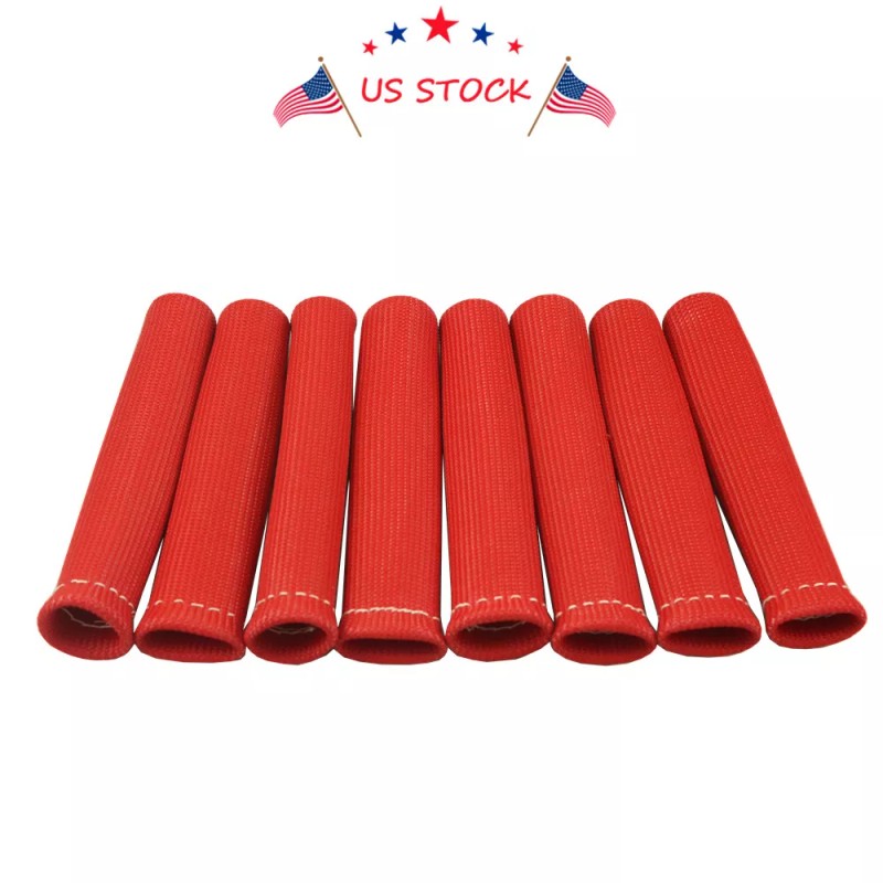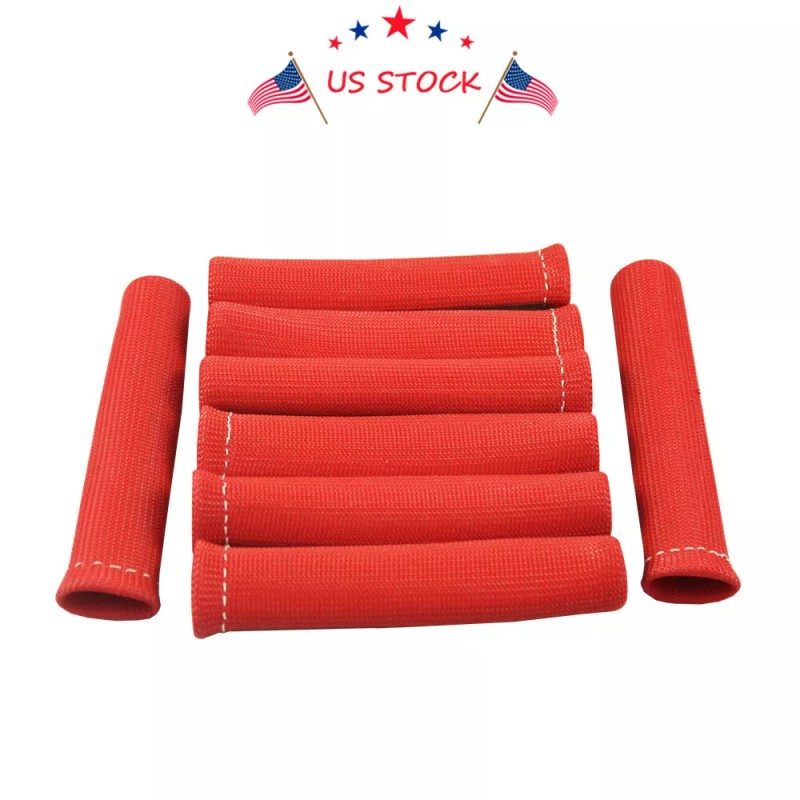 tomtop-auto 1200° 8 RED SPARK PLUG WIRE BOOTS HEAT SHIELD PROTECTOR SLEEVE BBC SBC 350 454
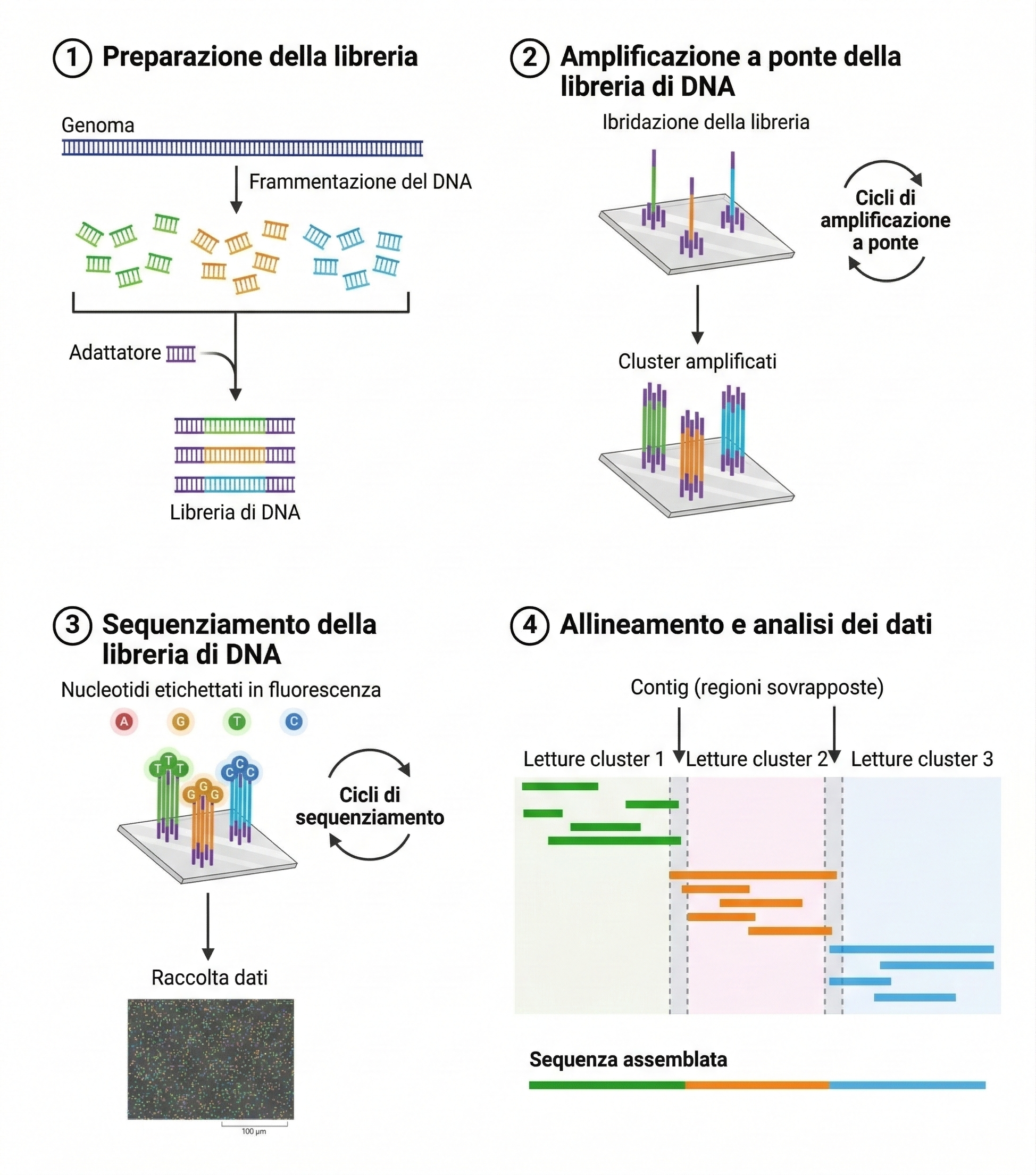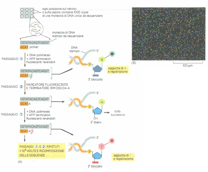 Una piattaforma ampiamente utilizzata è Illumina. Il ciclo di chimica si fonda su nucleotidi terminatori reversibili con etichette fluorescenti distinte: a ogni passo, la DNA polimerasi incorpora un singolo nucleotide modificato, si acquisisce un’immagine dell’intero vetrino per identificare, gruppo per gruppo, quale base è stata aggiunta, e poi si rimuovono il blocco e il fluoroforo per permettere il ciclo successivo (Figura 04.09-03). La molteplicità di reazioni in parallelo consente di sequenziare, in settimane, molti genomi con costi contenuti:
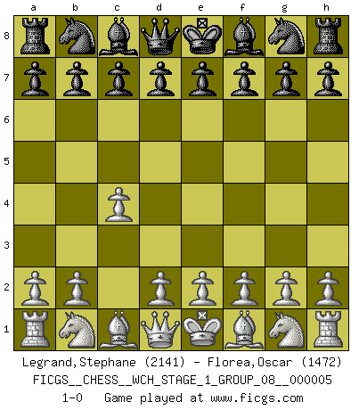 Last move : 1-0 2008 August 7 17:16:17 [Event "FICGS__CHESS__WCH_STAGE_1_GROUP_08__000005"] [Site "FICGS"] [Date "2008.07.08"] [Round "1"] [White "Legrand,Stephane"] [Black "Florea,Oscar"] [Result "1-0"] [WhiteElo "2141"] [BlackElo "1472"] 1.c4 1-0 This chess game has been lost on time (started : 2008.07.08 16:22:44) English Opening Player White won this chess game. Follow this game move after move (download)No one ever won a game by resigning. (Unknown) Die FIDE ist dabei in die Hände der russischen Mafia zu fallen. (Larry Evans) Los asuntos humanos son como una partida de Ajedrez: solo aquellos que no lo toman seriamente, pueden ser llamados buenos jugadores. (Hung Tzu Ch'eng) Les Echecs, c'est l'art de la guerre sans les charniers, c'est la résurrection des morts tombés au champ d'honneur, l'espoir perpétuel, la suprématie de l'intelligence sur la force, la culture de l'esprit. (F. Szpiner) Lamb in skin of tiger, still fears the wolf. (Chinese proverb)
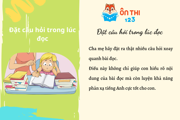 Cha mẹ có thể giúp con hoàn thành kỹ năng này bằng cách sau khi con đọc xong, cha mẹ hãy đặt ra thật nhiều câu hỏi xoay quanh bài đọc. Điều này không chỉ giúp con hiểu rõ nội dung của bài đọc mà còn luyện khả năng phản xạ tiếng Anh cực tốt cho con.
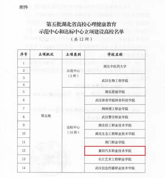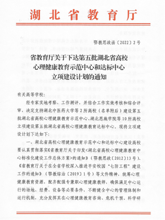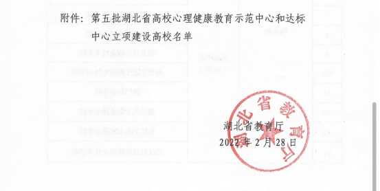 2月28日,湖北省教育厅发布了《博鱼登录下达第五批湖北省高校心理健康教育示范中心和达标中心立项建设计划的通知》,我校通过湖北省高校心理健康教育达标中心立项。
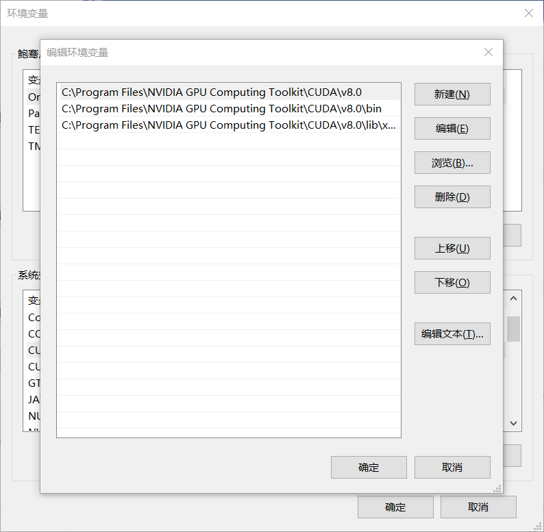 默认cuda环境变量是C:\Program Files\NVIDIA GPU Computing Toolkit\CUDA\v8.0, 但是这样还不够,不能访问bin和lib\x64下的包
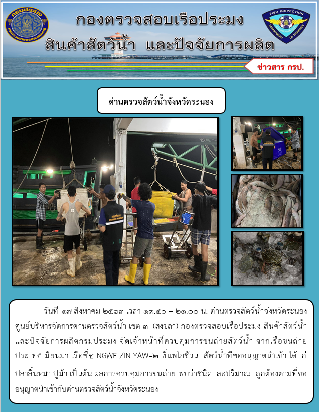 วันที่ 17 สิงหาคม 2563 เวลา 19.50 – 21.00 น. ด่านตรวจสัตว์น้ำจังหวัดระนอง ศูนย์บริหารจัดการด่านตรวจสัตว์น้ำ เขต 3 (สงขลา) กองตรวจสอบเรือประมง สินค้าสัตว์น้ำและปัจจัยการผลิตกรมประมง จัดเจ้าหน้าที่ควบคุมการขนถ่ายสัตว์น้ำ จากเรือขนถ่ายประเทศเมียนมา เรือชื่อ NGWE ZIN YAW-2 ที่แพโกช้วน สัตว์น้ำที่ขออนุญาตนำเข้า ได้แก่ ปลาลิ้นหมา ปูม้า เป็นต้น ผลการควบคุมการขนถ่าย พบว่าชนิดและปริมาณ ถูกต้องตามที่ขออนุญาตนำเข้ากับด่านตรวจสัตว์น้ำจังหวัดระนอง
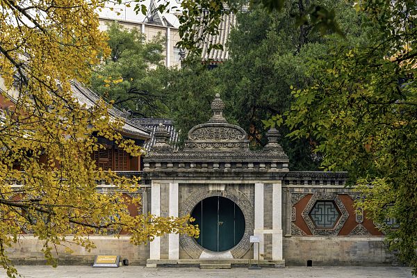 夏日的万寿寺,一砖一瓦在阳光下露出时光抚摸过的痕迹。腾飞的金龙、山海经里的神兽、纷飞的旋花……在一处院子的屋檐上,点缀着金边的彩画若隐若现。走近细看,金边已在年复一年的风吹日晒中褪色,彩画的色彩也不再夺目。
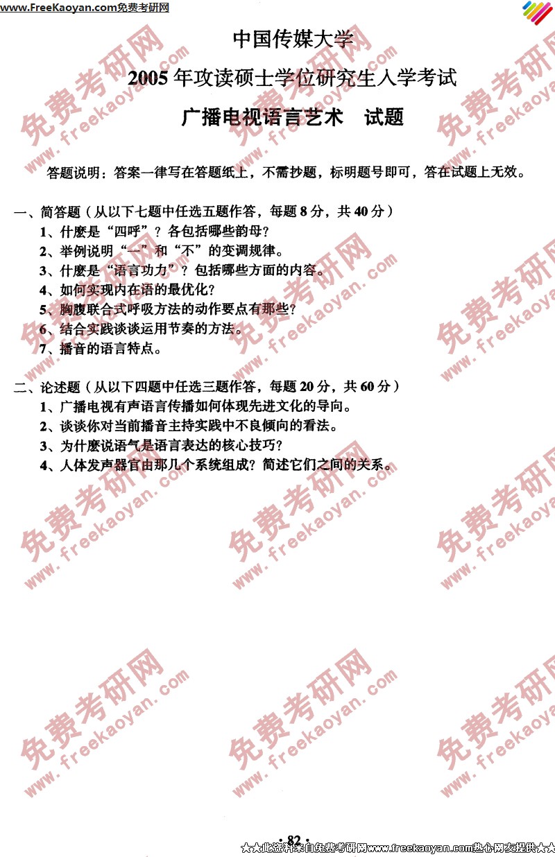 相关话题/中国传媒大学 考研真题 艺术 语言 广播电视

▬▬▬▬▬▬▬▬▬▬

### PROBLEM TO WORK ON
The answer should be an exact restatement of every entry, with the pictures omitted.

### ANSWER BOX
 tomtop-auto 1200° 8 RED SPARK PLUG WIRE BOOTS HEAT SHIELD PROTECTOR SLEEVE BBC SBC 350 454
 Una piattaforma ampiamente utilizzata è Illumina. Il ciclo di chimica si fonda su nucleotidi terminatori reversibili con etichette fluorescenti distinte: a ogni passo, la DNA polimerasi incorpora un singolo nucleotide modificato, si acquisisce un’immagine dell’intero vetrino per identificare, gruppo per gruppo, quale base è stata aggiunta, e poi si rimuovono il blocco e il fluoroforo per permettere il ciclo successivo (Figura 04.09-03). La molteplicità di reazioni in parallelo consente di sequenziare, in settimane, molti genomi con costi contenuti:
 Last move : 1-0 2008 August 7 17:16:17 [Event "FICGS__CHESS__WCH_STAGE_1_GROUP_08__000005"] [Site "FICGS"] [Date "2008.07.08"] [Round "1"] [White "Legrand,Stephane"] [Black "Florea,Oscar"] [Result "1-0"] [WhiteElo "2141"] [BlackElo "1472"] 1.c4 1-0 This chess game has been lost on time (started : 2008.07.08 16:22:44) English Opening Player White won this chess game. Follow this game move after move (download)No one ever won a game by resigning. (Unknown) Die FIDE ist dabei in die Hände der russischen Mafia zu fallen. (Larry Evans) Los asuntos humanos son como una partida de Ajedrez: solo aquellos que no lo toman seriamente, pueden ser llamados buenos jugadores. (Hung Tzu Ch'eng) Les Echecs, c'est l'art de la guerre sans les charniers, c'est la résurrection des morts tombés au champ d'honneur, l'espoir perpétuel, la suprématie de l'intelligence sur la force, la culture de l'esprit. (F. Szpiner) Lamb in skin of tiger, still fears the wolf. (Chinese proverb)
 Cha mẹ có thể giúp con hoàn thành kỹ năng này bằng cách sau khi con đọc xong, cha mẹ hãy đặt ra thật nhiều câu hỏi xoay quanh bài đọc. Điều này không chỉ giúp con hiểu rõ nội dung của bài đọc mà còn luyện khả năng phản xạ tiếng Anh cực tốt cho con.
 2月28日,湖北省教育厅发布了《博鱼登录下达第五批湖北省高校心理健康教育示范中心和达标中心立项建设计划的通知》,我校通过湖北省高校心理健康教育达标中心立项。
 默认cuda环境变量是C:\Program Files\NVIDIA GPU Computing Toolkit\CUDA\v8.0, 但是这样还不够,不能访问bin和lib\x64下的包
 วันที่ 17 สิงหาคม 2563 เวลา 19.50 – 21.00 น. ด่านตรวจสัตว์น้ำจังหวัดระนอง ศูนย์บริหารจัดการด่านตรวจสัตว์น้ำ เขต 3 (สงขลา) กองตรวจสอบเรือประมง สินค้าสัตว์น้ำและปัจจัยการผลิตกรมประมง จัดเจ้าหน้าที่ควบคุมการขนถ่ายสัตว์น้ำ จากเรือขนถ่ายประเทศเมียนมา เรือชื่อ NGWE ZIN YAW-2 ที่แพโกช้วน สัตว์น้ำที่ขออนุญาตนำเข้า ได้แก่ ปลาลิ้นหมา ปูม้า เป็นต้น ผลการควบคุมการขนถ่าย พบว่าชนิดและปริมาณ ถูกต้องตามที่ขออนุญาตนำเข้ากับด่านตรวจสัตว์น้ำจังหวัดระนอง
 夏日的万寿寺,一砖一瓦在阳光下露出时光抚摸过的痕迹。腾飞的金龙、山海经里的神兽、纷飞的旋花……在一处院子的屋檐上,点缀着金边的彩画若隐若现。走近细看,金边已在年复一年的风吹日晒中褪色,彩画的色彩也不再夺目。
 相关话题/中国传媒大学 考研真题 艺术 语言 广播电视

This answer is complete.